Something like this should stop the world in its tracks, but it doesn’t:
Jessica Marie Lunsford was a nine-year-old girl who was abducted from her home in Homosassa, Florida in the early morning of February 24, 2005. … Couey entered Lunsford’s house through an unlocked door at about three o’clock in the morning, awakened Lunsford, told her “Don’t yell or nothing,” and told her to follow him out of the house. He admitted in a videotaped and recorded deposition to raping Lunsford in his bedroom. Lunsford was kept in Couey’s bed that evening, where he raped her again in the morning. Couey put her in his closet and ordered her to remain there, which she did as he reported for work at “Billy’s Truck Lot”. Three days after he abducted her, Couey tricked Jessica into getting into two garbage bags by saying he was going to ‘take her home’. He instead buried her alive as he decided he could do nothing else with the girl. According to the publicly released autopsy reports Lunsford had poked two fingers through the bags before suffocating to death.
Or this:
Turkish police have recovered the body of a 16-year-old girl they say was buried alive by relatives in an “honor” killing carried out as punishment for talking to boys. The girl, who has been identified only by the initials MM, was found in a sitting position with her hands tied, in a two-meter hole dug under a chicken pen outside her home in Kahta, in the south-eastern province of Adiyaman. … Media reports said the father had told relatives he was unhappy that his daughter – one of nine children – had male friends. The grandfather is said to have beaten her for having relations with the opposite sex. A postmortem examination revealed large amounts of soil in her lungs and stomach, indicating that she had been alive and conscious while being buried.
No fate seems more ghastly or any act more abhorrent than the kind of evil deeds described above. That these things occur every day, every hour, across the planet is horrific beyond words. That the world is largely apathetic about it is loathsome.
There is something qualitatively different, something worse about violence than other existential threats. It may be impossible to distinguish between the mortal terror of being trapped under a building in an earthquake and being trapped under a building after a car bomb, between the agony of death from cancer and being beaten to death. But there is a difference. We all die in some manner or another, but an act of human will, of intentionality, a choice by one person to harm another, is not the same as an act or accident of nature or a cruel vagary of fate.

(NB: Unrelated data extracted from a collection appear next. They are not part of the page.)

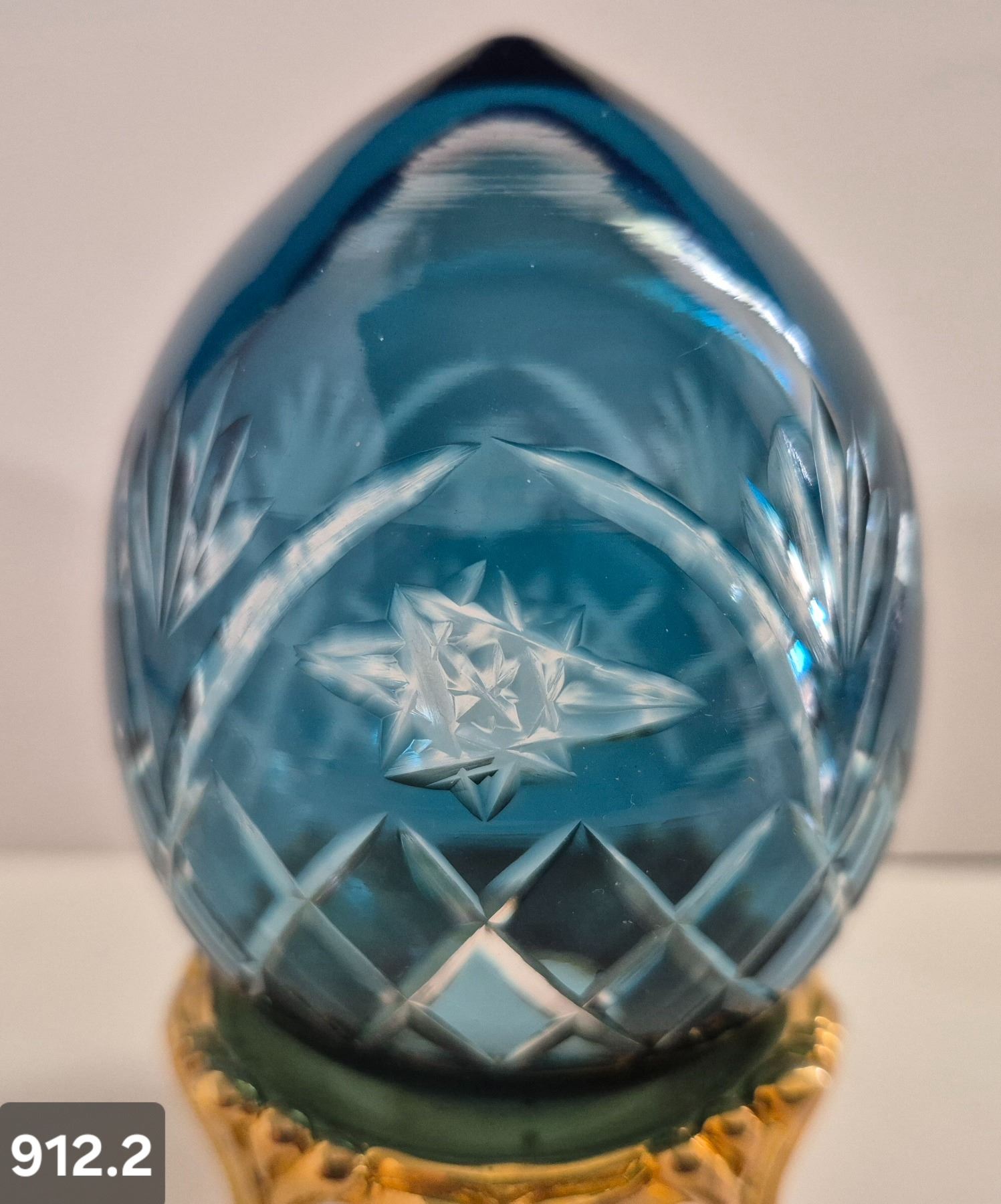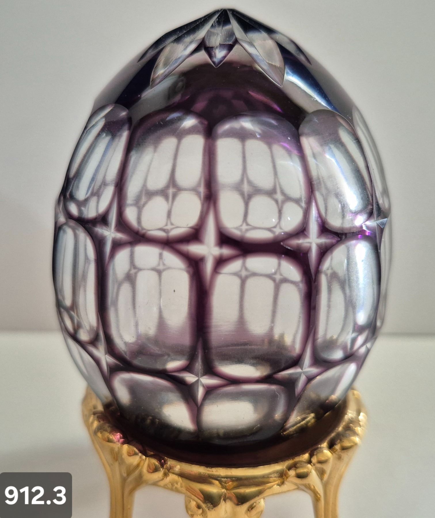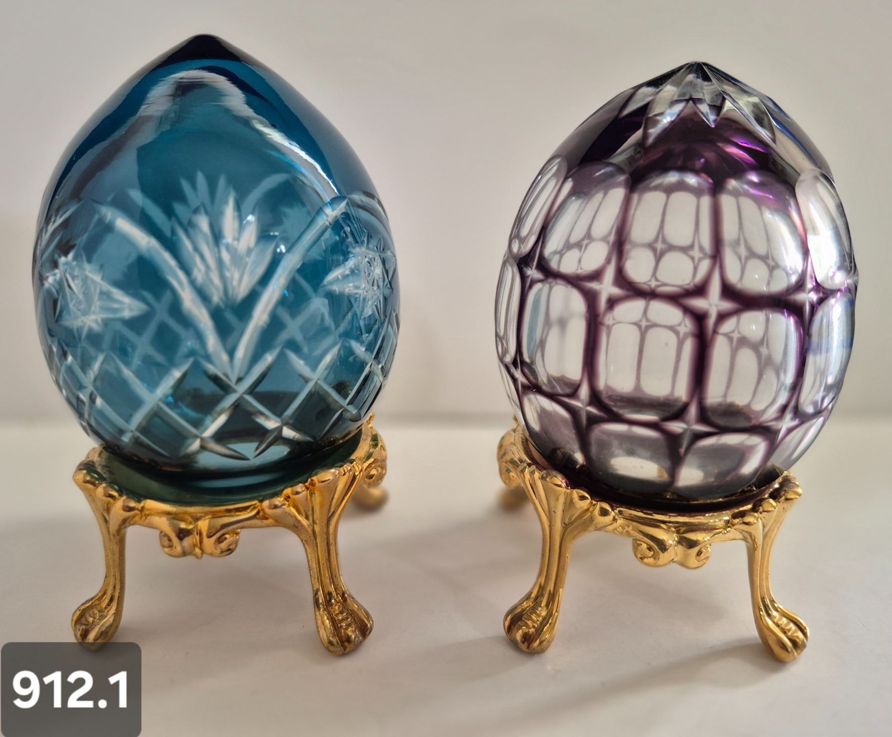 912. Pair of Bohemian cut glass MCM eggs - 24k gold-plated stand, from a large collection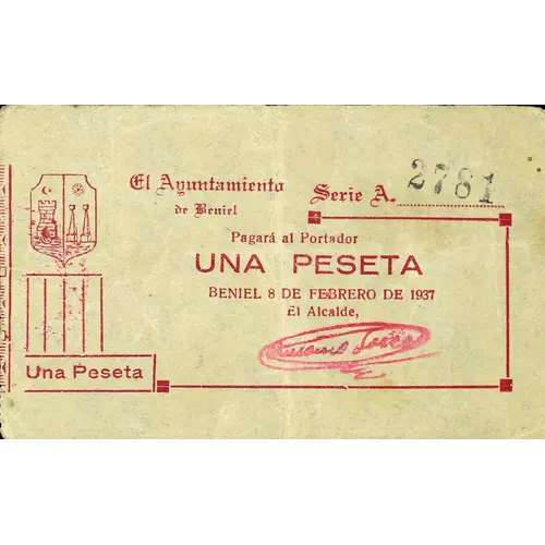 El Ayuntamiento de Beniel Pagará al Portador UNA PESETA BENIEL 8 DE FEBRERO DE 1937 Una Peseta (Translation: The City Council of Beniel Will pay the bearer One Peseta Beniel, February 8, 1937 One Peseta) |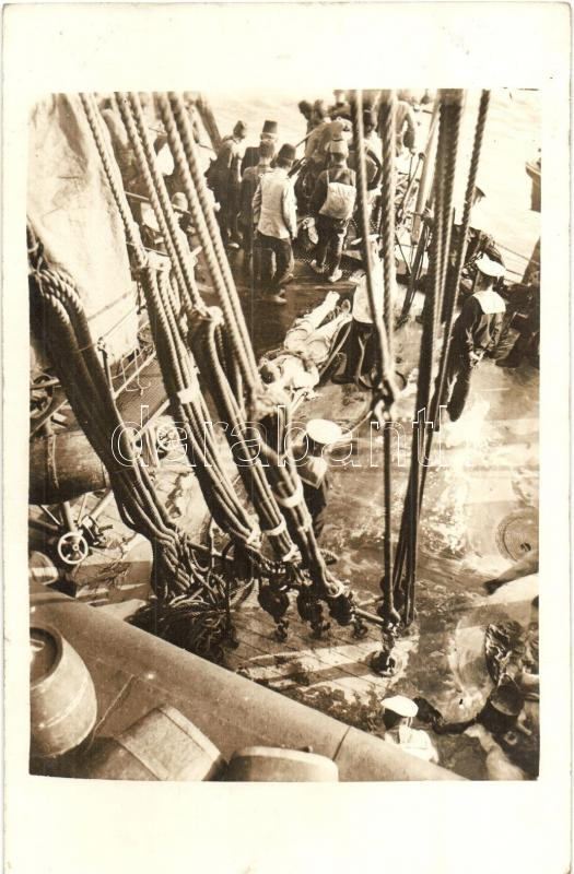 Sérült matróz és balkáni katonák osztrák-magyar hadihajó fedélzetén / ... https://www.darabanth.com/de/282-Fernauktion/282.0/Ansichtskarten/Kriegsschiffe~200099/Serult-matroz-es-balkani-katonak-osztrak-magyar-hadihajo-fedelzeten-Injured-mariner-and-~II1460154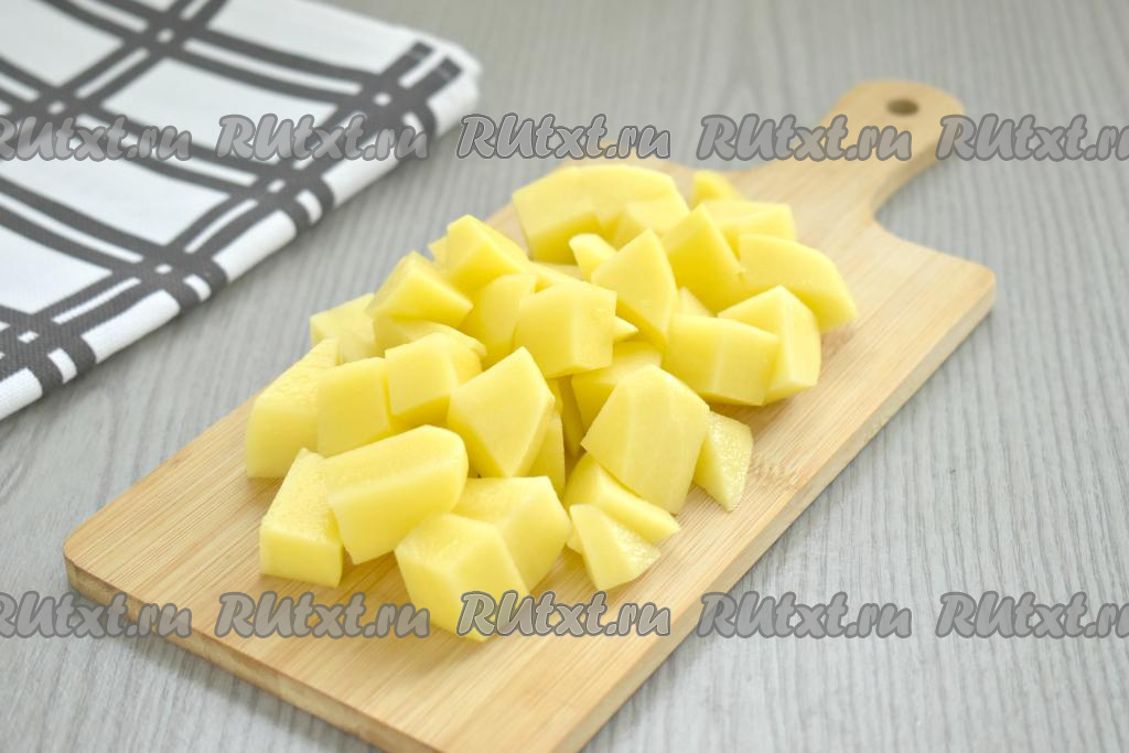 Когда горох станет достаточно мягким, выкладываем в кастрюлю очищенную картошку, нарезанную на средние кубики, даём бульону закипеть и варим гороховый суп на курином бульоне на небольшом огне 15 минут.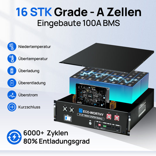 Notstrom-Set 5,12 kWh/10,24 kWh mit 48V 100AH Lithiumbatterie und 5000W All-in-One-Wechselrichter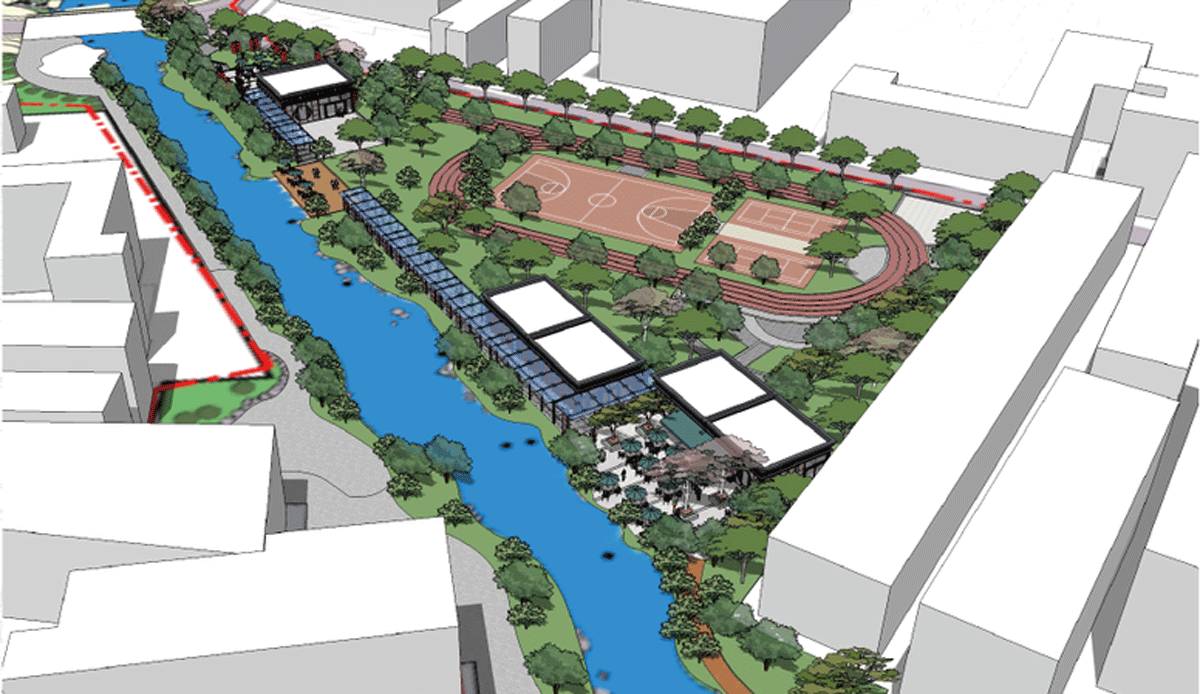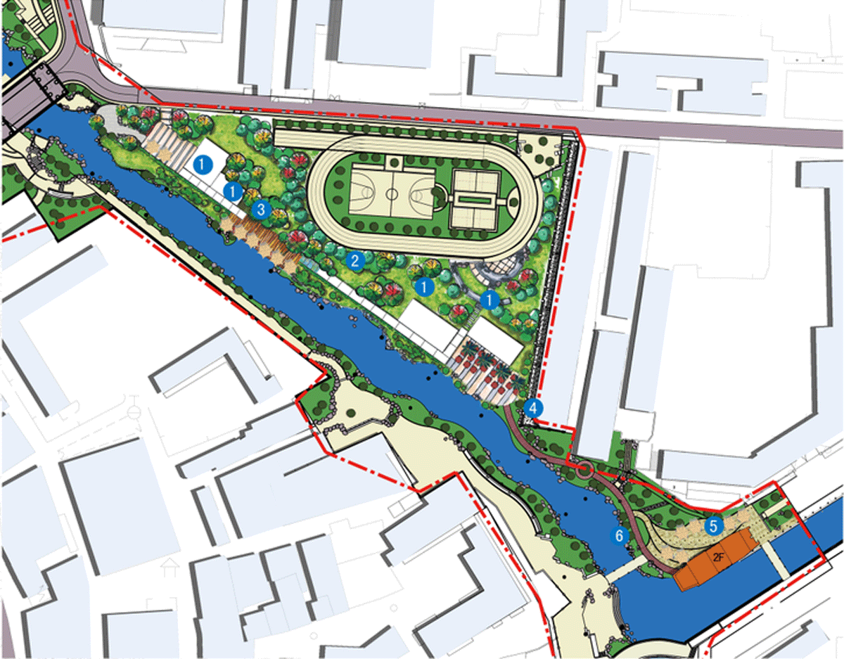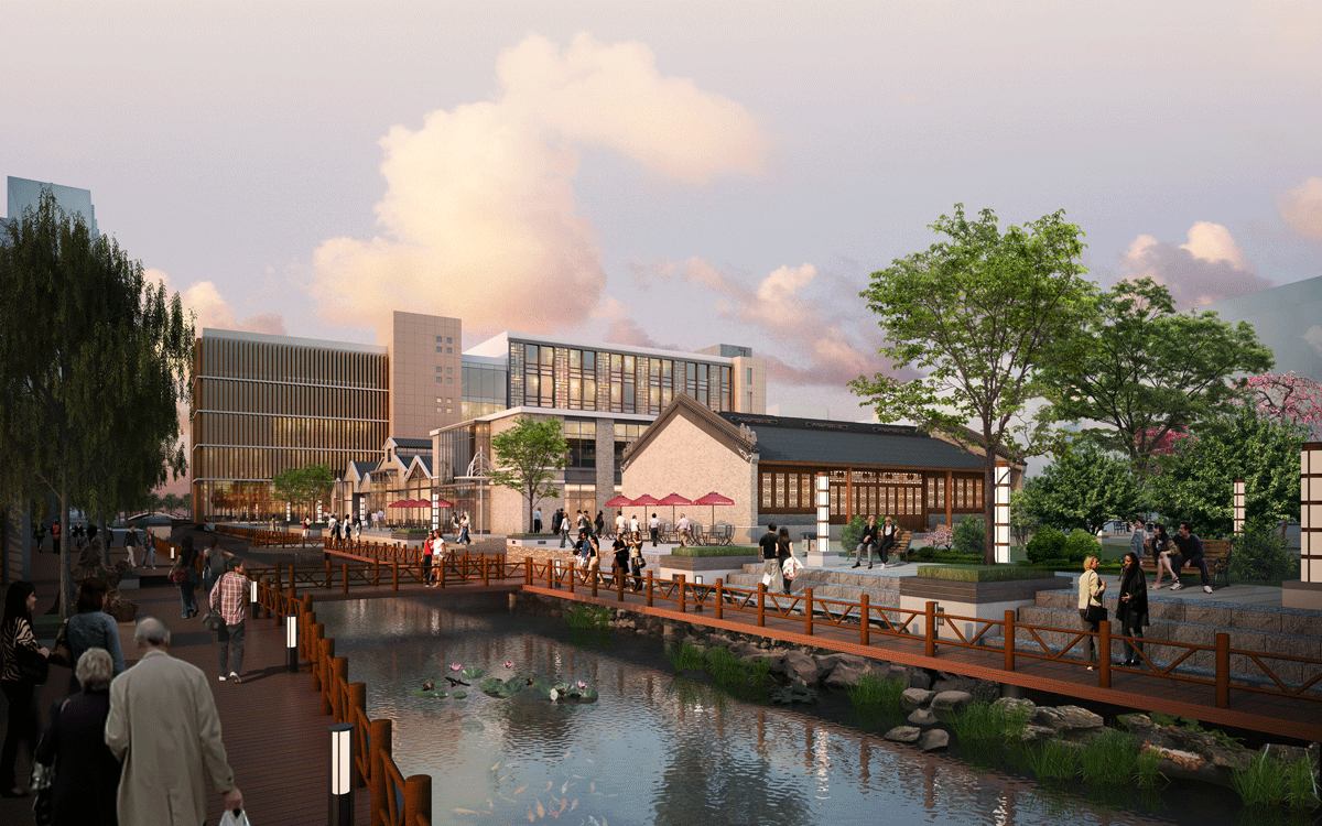 植入文化休闲功能,植入清吧、茶座、艺术长廊、亲水平台等文化休闲设施,加强东濠涌与周边记忆节点(如东园、白云楼)的空间联系。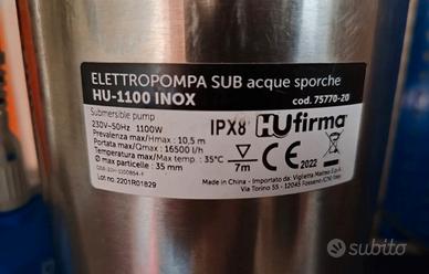 Vendesi elettropompa ad immersione per acque sporche completamente in acciaio inox, nuova utilizzata solo una volta per prova, nella seconda foto troverete tutte le caratteristiche.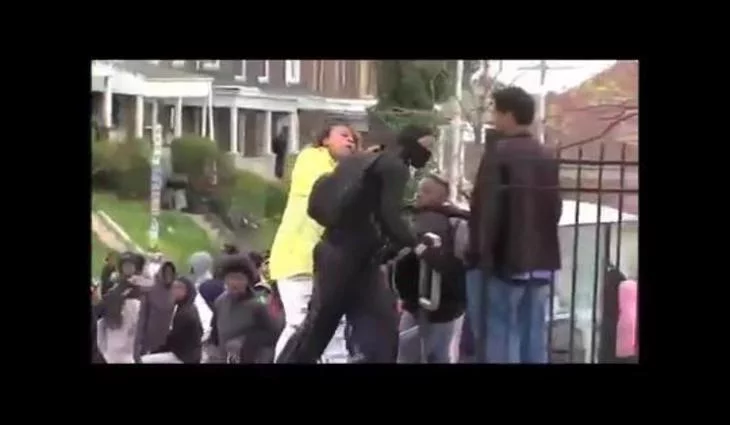 Una madre reconoce a su hijo por televisión en los disturbios de Baltimore y le saca a golpes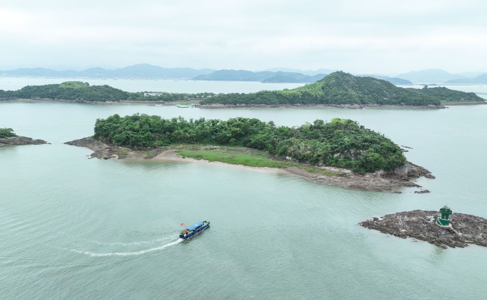 宁海湾海岛护鸟队员在海岛间巡逻(6月13日摄,无人机照片)。浙东宁海湾是重要的鸟类栖息地,位于湾区的强蛟镇组建了由渔民、民警、党团志愿者等组成的海岛护鸟队,看护这片鸟类乐园。新华社记者 翁忻旸 摄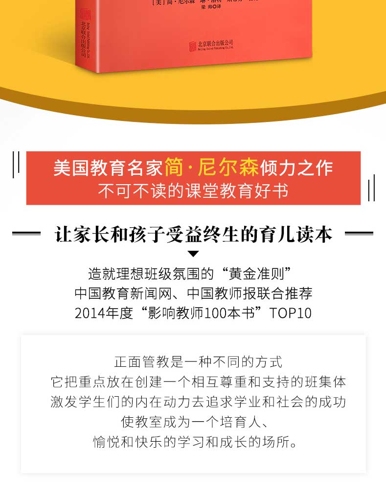 珍·尼爾森、琳·洛特、史蒂芬·格倫編著的《教室裡的正面管教》是一種經過數十年實踐檢驗,使全世界數以百萬計的教師和學生受益的黃金準則。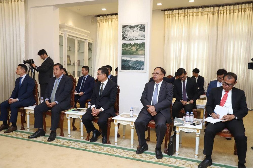 Phnom Penh Municipal Governor H.E. Khuong Sreng (L, Pic. 1) greets visiting H.E. Kim Yung-rok, Governor of Jeollanam-do of the Republic of Korea, prior to their bilateral meeting here this afternoon to discuss the establishment of sister city alliance.
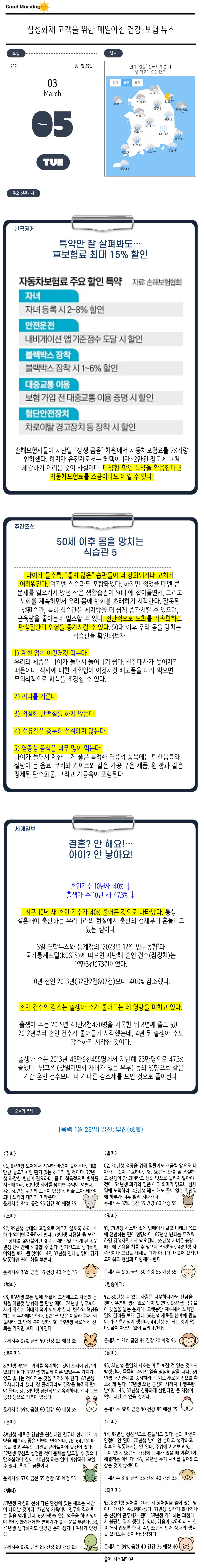 Daily News(03.05.화) - 자동차보험, 혼인수, 출생아수

The immediacy, intentionality, and physicality of a violent act sets it apart, precisely because free will is involved, because it is a choice in the moment, because it is avoidable by virtue of being the will of a person.
Although the relative scale is disproportionate (vastly more people are at risk from hunger and disease) violence touches virtually everyone, directly or indirectly. Is there a single person reading this who hasn’t been affected by it in some way or who isn’t concerned about being harmed or having their loved ones harmed? In many ways, violence – the fear of it, the reality of it, its history, and its many representations/permutations in art, film, music, media and modern culture – defines our modern life.
I believe that the decision by an individual or group of individuals to destroy or inflict damage on others, to rob them of their freedom, to strip them of their dignity, to dehumanize them, is fundamentally worse than any other mortal threat we face. Violence is an affront to our souls, a stain on our humanity.
Should it be our top order of business to eradicate violence? Yes. Is it possible to do so? The report I referenced at the top of this piece is a good place to start.